Furthermore, a new mutation P681H was identified at the S1/S2 linkage site, which is adjacent to the furin cleavage site (682–685 aa) (Huang et al., 2020; Maison et al., 2021; Wang et al., 2020c). Numerous pieces of evidence show that the furin cleavage site promotes SARS-CoV-2 to enter respiratory epithelial cells and spread in animal models, which is considered to be the key to enhance the transmission of SARS-CoV-2. However, whether P681H affects the recognition and cleavage of S1/S2 by furin protease remains to be further studied.
These results indicate that Δ69/Δ70, N501Y, and P681H are three key mutations in the spike protein of the N501Y strain, and their effects on virus pathogenicity, transmission, and immune escape should be further evaluated. It is worth noting that N501Y mutation was detected in four SARS-CoV-2 mutants, which appeared almost simultaneously in different countries, including B.1.1.7 (UK, mid-December 2020), B.1.351 (South Africa, late December 2020), COH.20 g/N501Y (the USA, late December 2022) and P.1 strain (501Y·V3, Brazil, January 2021), suggesting that this residue may play an important role for the virus evolution and transmission.
2.2.3. 501Y·V2
In November 2020, another SARS-CoV-2 variant similar to the N501Y mutant was detected in South Africa, which was named 501Y·V2 strain (or B.1.351 lineage). Up to now, there are three most popular variants of 501Y·V2 lineage, including 501Y·V2–1, 501Y·V2–2, and 501Y·V2–3 (Li et al., 2021; Wibmer et al., 2021; Zhou et al., 2021b). The 501Y·V2–1 was the dominant variant in the early stage of the second wave of epidemic in South Africa, which enhances ACE2 affinity through seven mutations in spike protein, D614G, D80A, D215G, R246I, E484K, N501Y, and A701V. Thereafter, two other mutations L18F and K417N were identified in 501Y·V2–1, resulting in strain 501Y·V2–2. Shortly after that, an L242–244 deletion (Δ242–244) of spike protein was deleted in the 501Y·V2–2 strain, generating the third variant 501Y·V2–3 (Tegally et al., 2021; Zhou et al., 2021b).

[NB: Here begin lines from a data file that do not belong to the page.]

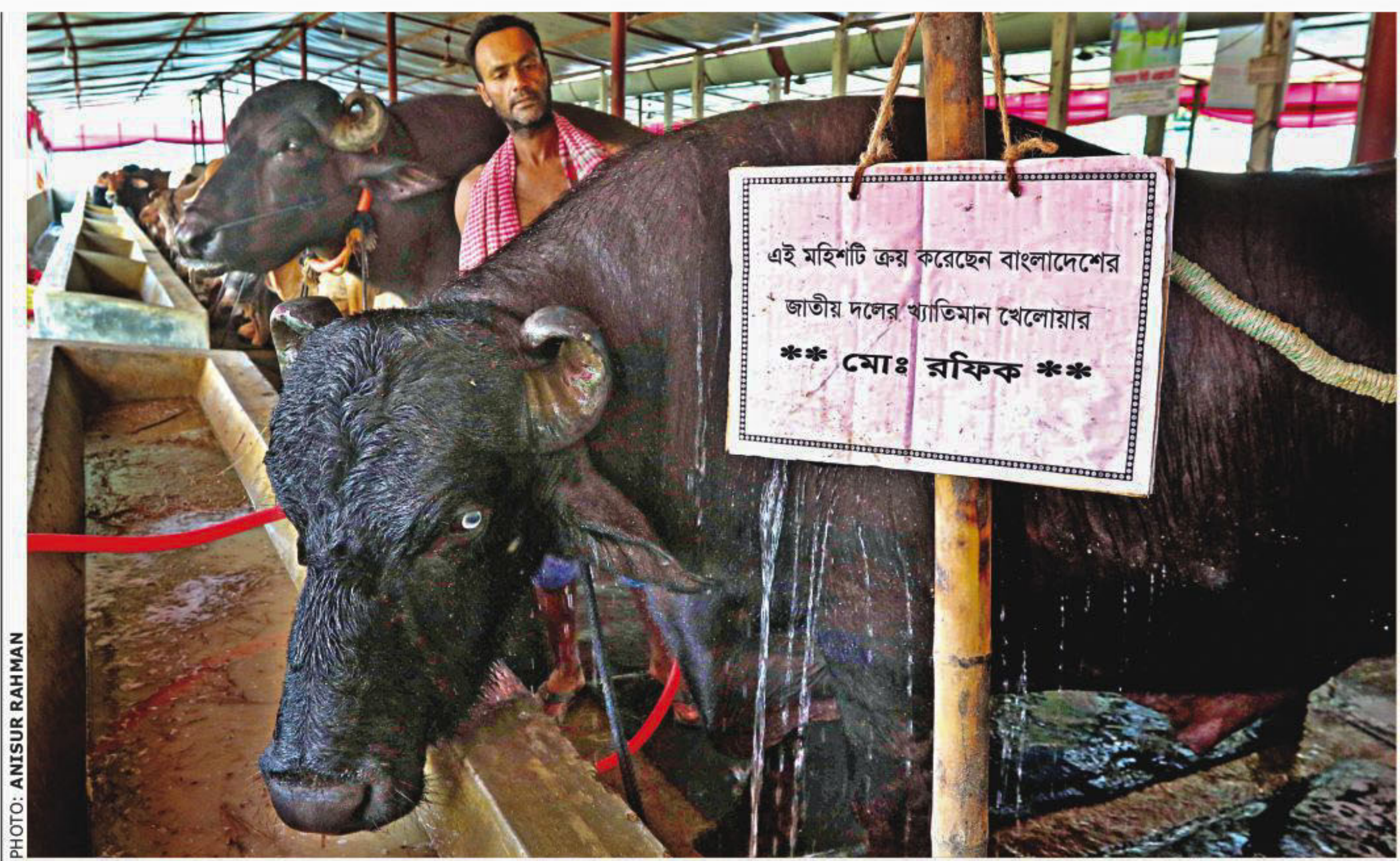
Do we need a caption for this when the signboard close to a giant water buffalo says it all? The only relevant insight is that former Bangladesh left-arm spinner Mohammad Rafique bought this sacrificial animal well ahead of the second biggest Muslim festival Eid-ul-Azha. This picture was taken at the Anwar City Agro vet farm in Keraniganj yesterday and the caretaker of the farm said that they put a price tag of Tk four lakh on the animal. Contacted over phone the cricketer said with his usual Dhakaite accent: "From the day I've started performing Qurbani (sacrificial offer) I have always sacrificed a buffalo along with other sacrificial animals."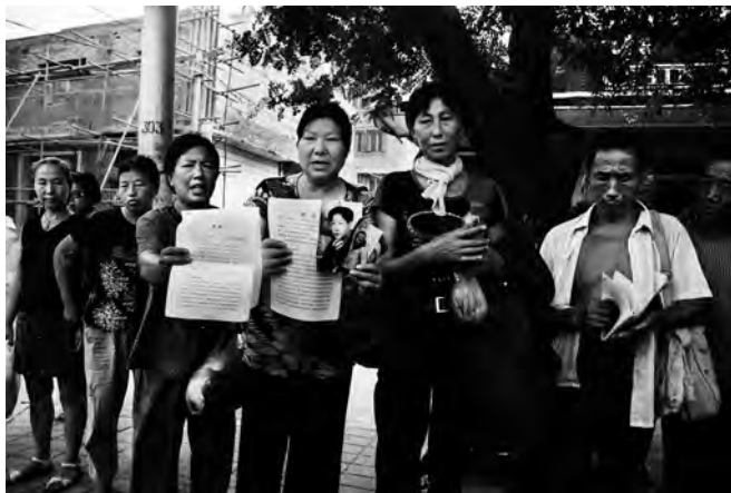
Petitioners hold letters of complaint in the "Petitioners' Village," which housed up to 4,000 petitioners in Beijing. It was torn down in the fall of 2007.

about a few historical and comparative matters. The book could have been improved by discussing more of the complex ways that ideas about rights (including the "now-you-see-it-now-you-don't" issue of gender equal-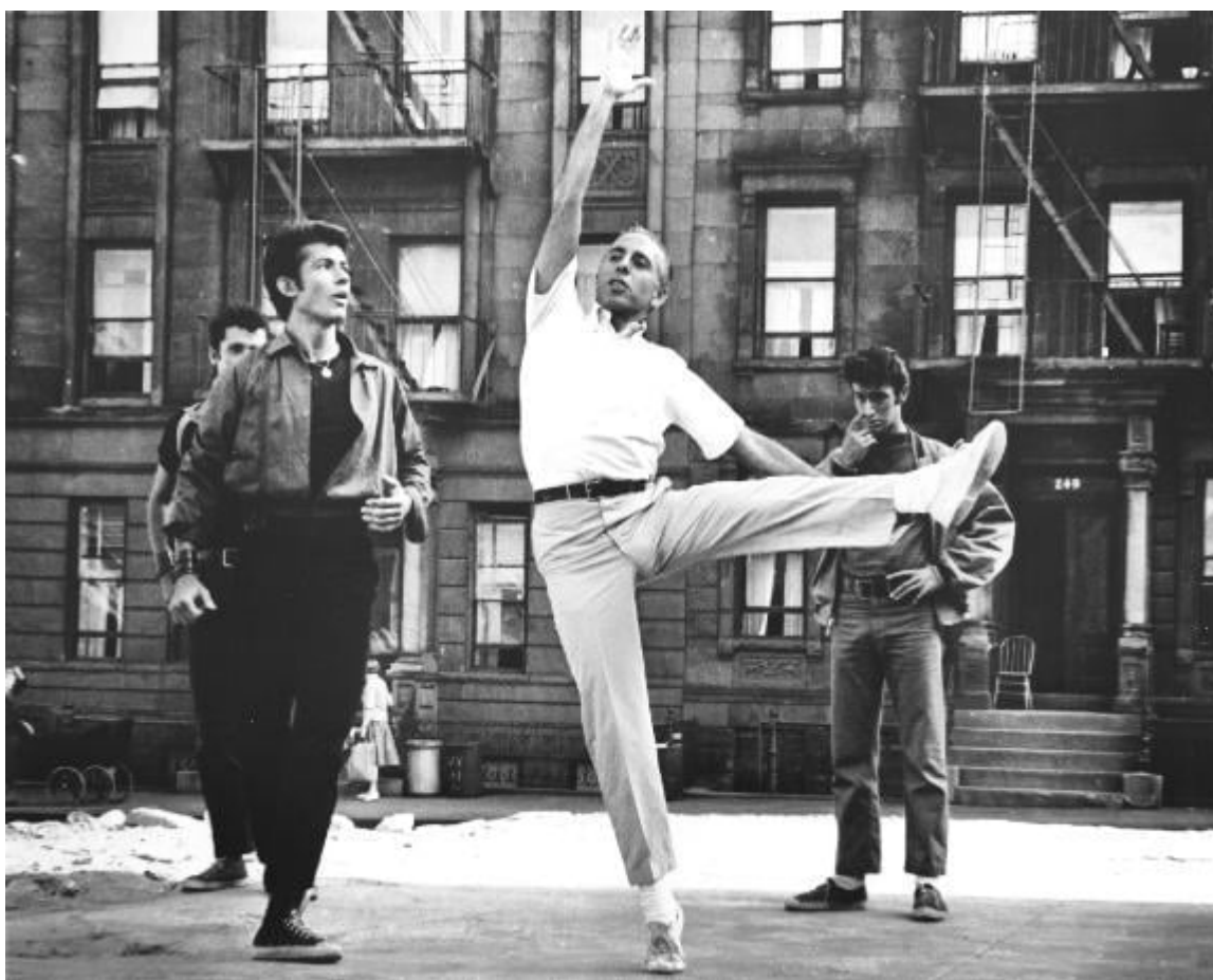
Rehearsals for West Side Story , 1960 | American dancer , choreographer, and director Jerome Robbins (1918 - 1998) (in white) demonstrates a dance move to American actor George Chakiris (left, foreground) during the filming of 'West Side Story,' directed by Robbins and Robert Wise, New York, New York, 1961.

Cinema also aided the popularity of dance in the twentieth century as can be seen in films featuring ballet in the 1940s ( The Red Shoes ), tap dancing in the 1950s ( Singin' in the Rain ), modern dance in the 1960s ( West Side Story ), disco in the 1970s ( Saturday Night Fever ), club/performance partner dancing in the 1980s ( Dirty Dancing ), tango in the 2000s ( Chicago ) and modern dance theatre in the 2010s ( Pina ). The global popularity of Hollywood musicals and Bollywood song-and-dance sequences have made dance an important element to be considered in any new film musical.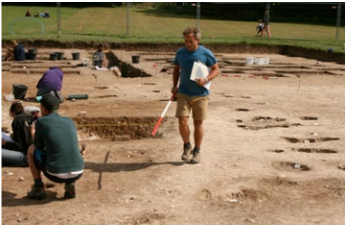
Walking the 20 metre-diameter Bronze Age ring ditch, which was partly overlaid by a series of 6th century timber halls and adjacent to 'the blob' (background).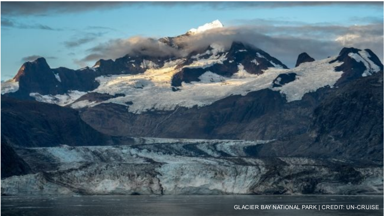
GLACIER BAY NATIONAL PARK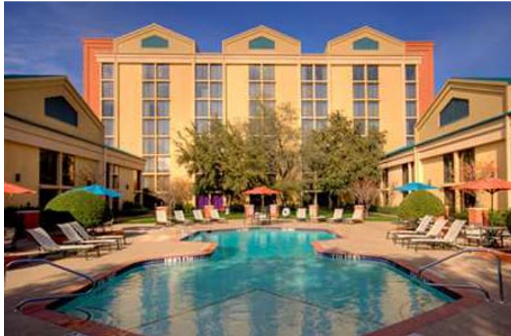
The 282-room DoubleTree by Hilton DFW Airport North is one of four hotels that Richfield Hospitality assumed management of with its latest contract.

PHOENIX—In their ongoing quest to fuel rapid expansion for Richfield Hospitality, executives are using multiple platforms to add hotels to the Denver-based company's portfolio.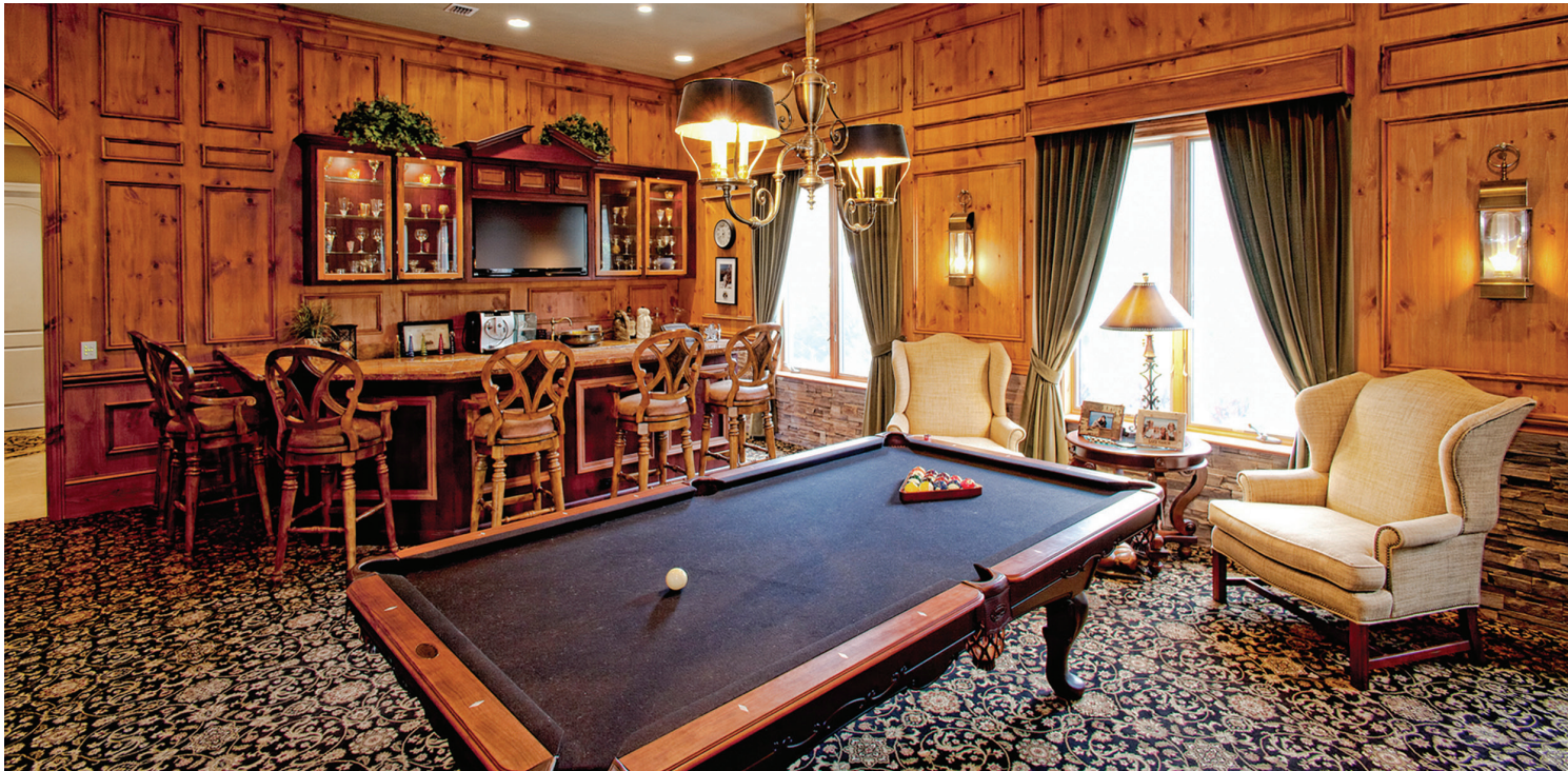
When people invest on some of the most beautiful waterways in South Florida, Hobgood Construction is there to help them maximize the return on their investments.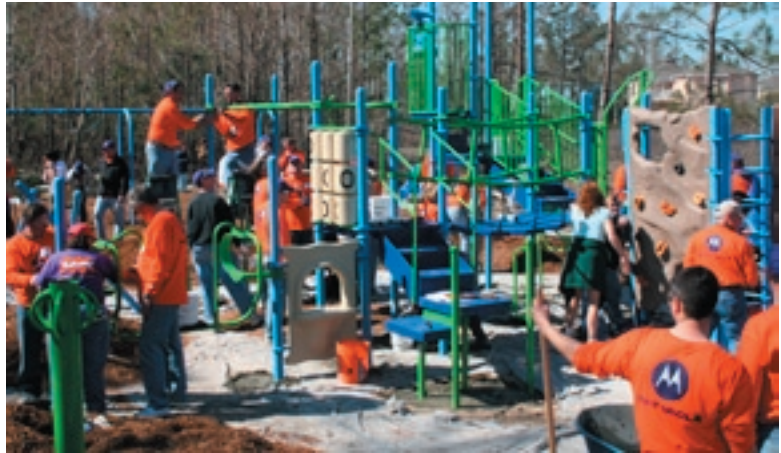
Motorola corporation employees build a community playground in Mississippi.

KaBOOM! is a national nonprofit organization that envisions a great place to play within walking distance of every child in America. Celebrating 10 years of service in 2006, KaBOOM! has used its innovative community-build model to bring together business and community interests to construct nearly 1,000 new playgrounds and skateparks and renovate 1,300 others nationwide. In addition, KaBOOM! offers trainings, challenge grants, and publications for communities to use to plan a new play space on their own.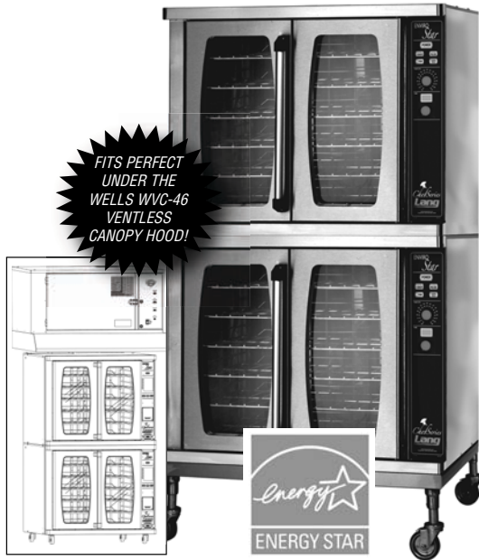
Model ECSF-ES2 shown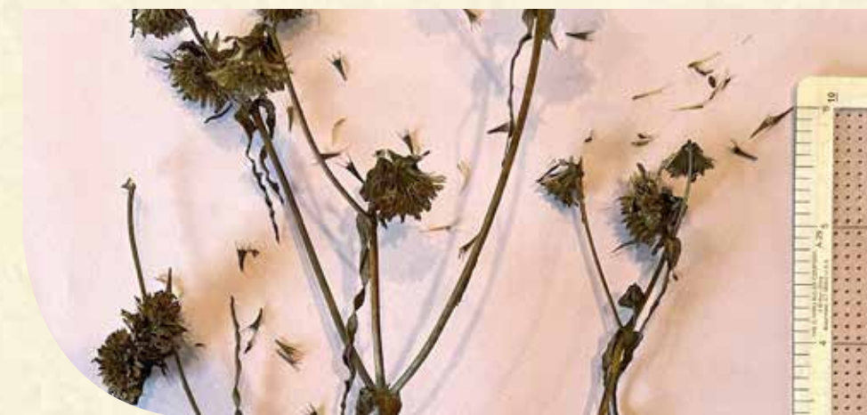
Bidens fall plant specimen Nov 2023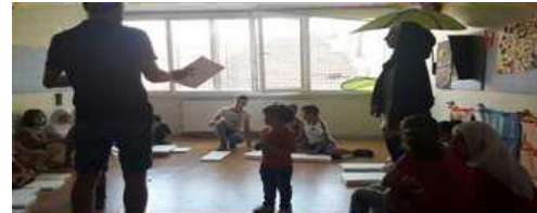
Recreational activities at HRDF Istanbul

IOM assisted 2,050 refugees with psychosocial support. IOM also provided legal assistance to 313 individuals through its partnerships. Legal awareness sessions focusing on civil registration procedures, including marriage, divorce and birth certificates were also provided.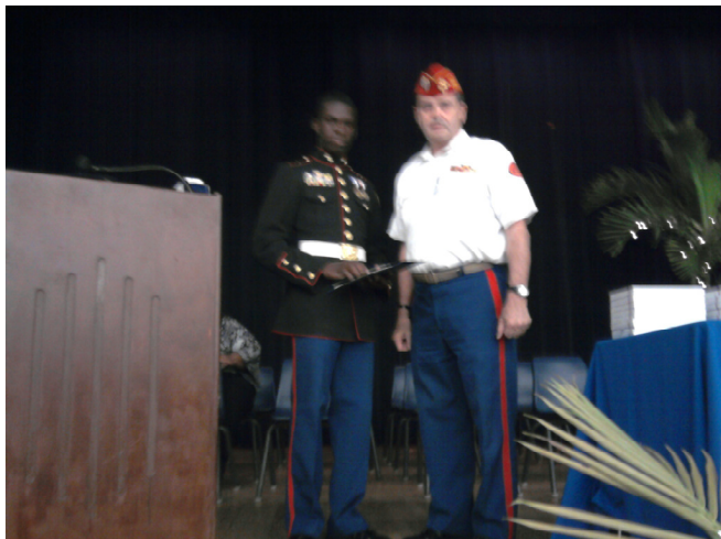
Stranahan High School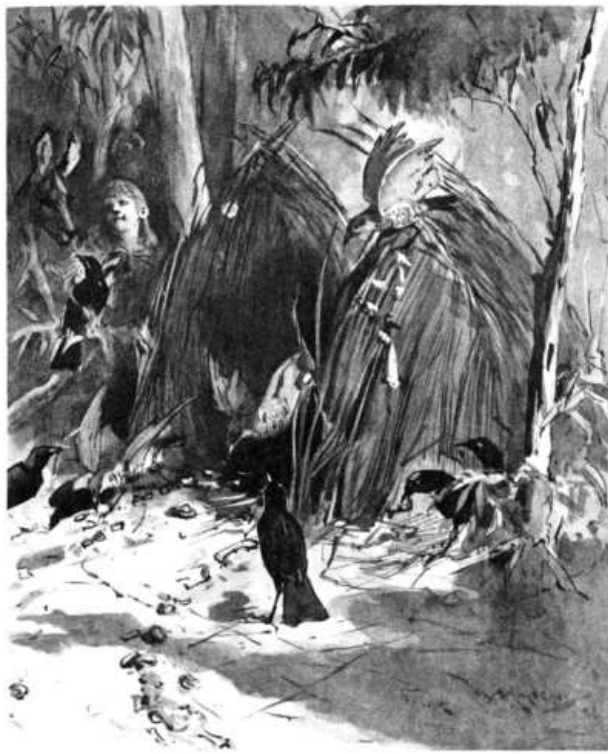
THE BOWER BIRDS

"In my young day," continued the elderly hen, and all the group were sighing, "Ah! in our young days!" when a young hen perched on a bough above them, and interrupted pertly, "Dear me! can't you good birds find anything more interesting to talk about than ancient history?" At this the groups of gossips whispered angrily to one another "Minx!" "Hussy!" "Wild Cat!" etc., and the rude young bird flew back to her companions.

Compared with the spike protein of SARS-CoV-2 Wuhan-1 strain, the spike protein of 501Y·V2–3 contains eight mutations: four mutations in NTD (L18F, D80A, D215G, and Δ242–244), three mutations in viral RBD (K417N, E484K, and N501Y), and one mutation in S2 region (A701V) (Li et al., 2021; Wibmer et al., 2021; Zhou et al., 2021b). Three mutations on the RBD of 501Y·V2–3 may lead to higher viral load and transmission ability than that of the Wuhan-1 strain (Li et al., 2021; Wibmer et al., 2021; Zhou et al., 2021b). Furthermore, residue K417N can bind to N501Y, thus increasing the binding between spike and ACE2 receptor in the variant (Fratev, 2020; Li et al., 2021; Wibmer et al., 2021; Zhou et al., 2021b). Mutations K417N and E484K may also reduce the sensitivity of the virus to neutralizing antibodies by more than 10 times (Li et al., 2021; Wibmer et al., 2021; Zhou et al., 2021b). Moreover, the South African variant 501Y·V2–3 can escape the inhibition of convalescent plasma and cause reinfection, which may be mainly due to the E484K and N501Y mutations (Li et al., 2021; Wibmer et al., 2021; Zhou et al., 2021b). This virus mutant, which can escape the immune system and re-infect the recovered person, has the strong advantage of becoming an epidemic strain. Moreover, to date, four mutations have been identified in amino acid 484 of spike protein, namely E484A, E484G, E484D, and E484K, and each mutation has partial resistance to the convalescent plasma, indicating that amino acid 484 is also one of the dominant epitopes of spike protein (Cele et al., 2021; Jangra et al., 2021; Li et al., 2021; Liu et al., 2021c; Wang et al., 2020e).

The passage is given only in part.